With half-baked 'Thunderbolts', Marvel again fails to produce a fresh experience
Florence Pugh and company do their best to make it worthy, but time and change can be harsh.
Have you ever eaten an undercooked pizza?
You order it at the restaurant with the high hopes of devouring a delicious combination of bread, cheese, and toppings. It’s like walking into an arena for a concert, only this one is made of dough and flour splashes everywhere you touch. The anticipation is white hot, and then the dish shows up. You pull apart the first piece, and the tip of it sinks like the Titanic.
That’s the food comparison experience of watching Thunderbolts*, the latest Marvel Cinematic Universe addition that would have felt fresh ten years ago. Starring Florence Pugh and Sebastian Stan, along with a slew of “you may know them from before” actors, it drudges up the seemingly unkillable appeal of a group of misfit toy mercenaries coming together to fight evil… or something resembling it.
Lewis Pullman, son of Bill, plays another character named Bob, just like he did in Top Gun: Maverick. Only this time, instead of being a sweet and nerdy pilot, he’s something else entirely. Spoiling his character’s true intent wouldn’t increase or lessen the allure for the viewer.
Pugh’s Yelena, the sister of Scarlett Johansson’s departed Natasha, is suffering from a deep bout of depression amid her everyday job of seeking and destroying various people and things. Her pops, the Red Guardian (David Harbour doing everything he can) gripes at the Door Dash delivery guy for not leaving the food at the door while eating snacks in his underwear. Stan’s Bucky is a wannabe politician who can’t shake the desire to make things right. Wyatt Russell’s undercooked Captain America still can’t shake the public display of murder that won’t leave his mind or reputation.
Julia Louis-Dreyfus’ power player wants them all gone, and the bulk of the movie revolves around her endless plight to see that task through to the end. I found it a task to stay awake to the very end of this overlong, tepid adventure film. There aren’t many movies that make me overly sleepy on a Saturday afternoon, but this one accomplished the task. I watched 90% of it fully lucid, and that was quite enough.
The cast is talented enough, but the material is low bar for this overrun genre. To make another food reference, this is the overly dry piece of chicken left on the grill too long on a summer day when the pool is open. You place it on there with the innate desire to make something tasty and fresh, and then it goes bad and loses taste. There’s nothing new here--even the underdeveloped depression angle is never fully fleshed out. It’s a gimmick for the characters to feel some purpose and fight back against something, but the opposition is never strong enough to form a dual-sided plot that gives the film any weight.
Thunderbolts* needed a better class of criminal to heighten the dull aspects of its makeup.
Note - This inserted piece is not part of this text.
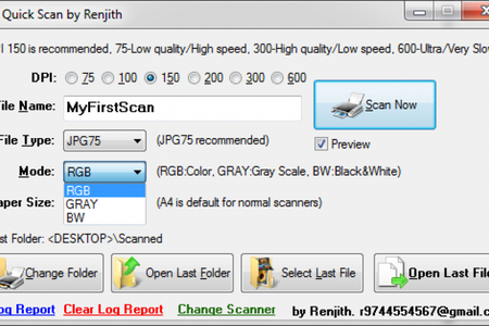 В отличие от других программ, предназначенных для этой цели, данная программа имеет компактный интерфейс, который предоставляет доступ ко всем основным настройками. Тут можно выбрать нужное разрешение (DPI), формат файла, режим (RGB, Grat scale или Black&White) и размер листа.

Instead of being something worth discovering, it’s an undercooked pizza that the audience will consume, but won’t be writing home about and wish it was better assembled. I’d watch something else, like The Accountant 2 or the universally loved Sinners.
Marvel used to be great. They reinvented superhero movies with a witty blend of crispy dialogue, inventive action, and great casts. It’s been six years since Avengers: Endgame, though, and 98% of their output feels like strenuous efforts to replicate the past. Something fresh would be nice.